The parties settled the next day, August 24th. Sephora agreed to pay a $1.2 million fine and adopt specific compliance measures. Sephora must disclose sales and honor opt-out requests—including those via GPCs. And, for the next two years, Sephora agreed to (1) maintain a program to monitor its compliance with opt-out requests and (2) review its data transfers to ensure they are legal (e.g., do they need and have a service-provider contract). Sephora also must provide regular updates to the government on those efforts.

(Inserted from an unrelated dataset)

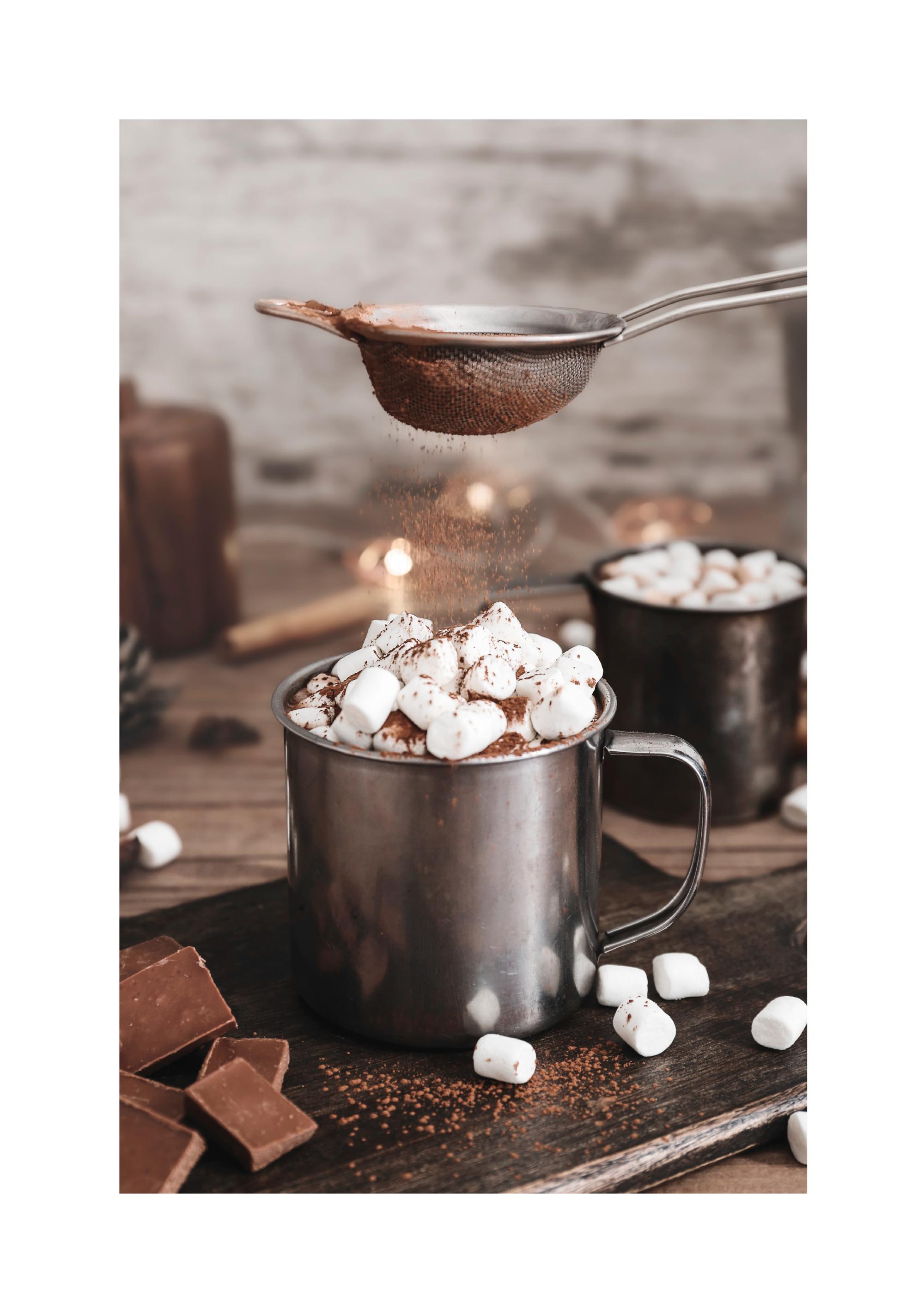 En fotoposter av en kopp varm choklad toppad med marshmallows och med stänk av kanel. Man kan nästan känna smaken av den varma chokladen bara genom att titta på denna affisch, och den kommer att vara ett perfekt inslag på köksväggen när du vill skapa julstämning!

The same day the AG announced the settlement, he also released an updated list of enforcement examples. Each reflects a situation where the AG notified the company of a violation, and the company cured the issue within 30 days. In the examples, the AG focused on a range of violations across a large swath of industries.

Key Takeaways

  • GPCs must be respected. California has made it clear that companies need to honor GPCs.
  • Website analytics are (likely) sales. You are selling personal information if you transfer personal information to analytics providers, unless you have a service-provider contract with the provider.
  • No business is immune. The AG is not limiting enforcement activity to specific industries or violation types—any violation may trigger an enforcement action.

Action Steps

With the revised CCPA taking effect on January 1, 2023, now is a great time to do a 360-review of your CCPA compliance measures. But if you are looking for a more targeted approach, there are a few specific measures to consider given the AG’s claims against Sephora:

  • Honor GPCs. Verify that your website responds to GPCs. (The California Privacy Protection Agency, which will enforce the CCPA starting January 1, 2023, has also taken the position that companies must honor GPCs.)
  • Execute Service-Provider Contracts. Find and agree to your analytics provider’s service-provider contract to avoid the data transfer qualifying as a sale. (If it is a sale, the analytics may become less accurate because consumers can opt out of being tracked.) Google provides instructions on how to execute their contract. If your provider does not offer such a contract, consider:  
    • Disabling Data Transfers (safe). Consider not using the analytics provider if they do not offer a service-provider contract.
    • Updating Privacy Policy (safer). In lieu of disabling analytics, update your policy to acknowledge the sale and ensure you have an opt-out link on your website.
    • Changing Analytics Settings (riskier). Update your preferences to ensure the analytics provider cannot use the collected personal information for their own purposes. The AG may view that favorably because it captures a key element (limited use) of the service-provider relationship—but since the definition of “service provider” under the CCPA requires a contract, not having one in place poses compliance risks.
  • Monitor Other States. Keep an eye on how regulators in other states interpret their sale restriction. (The states most likely to track California’s approach to analytics are Colorado and Connecticut because they share California’s definition of sale: an exchange for money or valuable consideration [and the California AG focused on the latter prong for his conclusion].)

DISCLAIMER: Because of the generality of this update, the information provided herein may not be applicable in all situations and should not be acted upon without specific legal advice based on particular situations.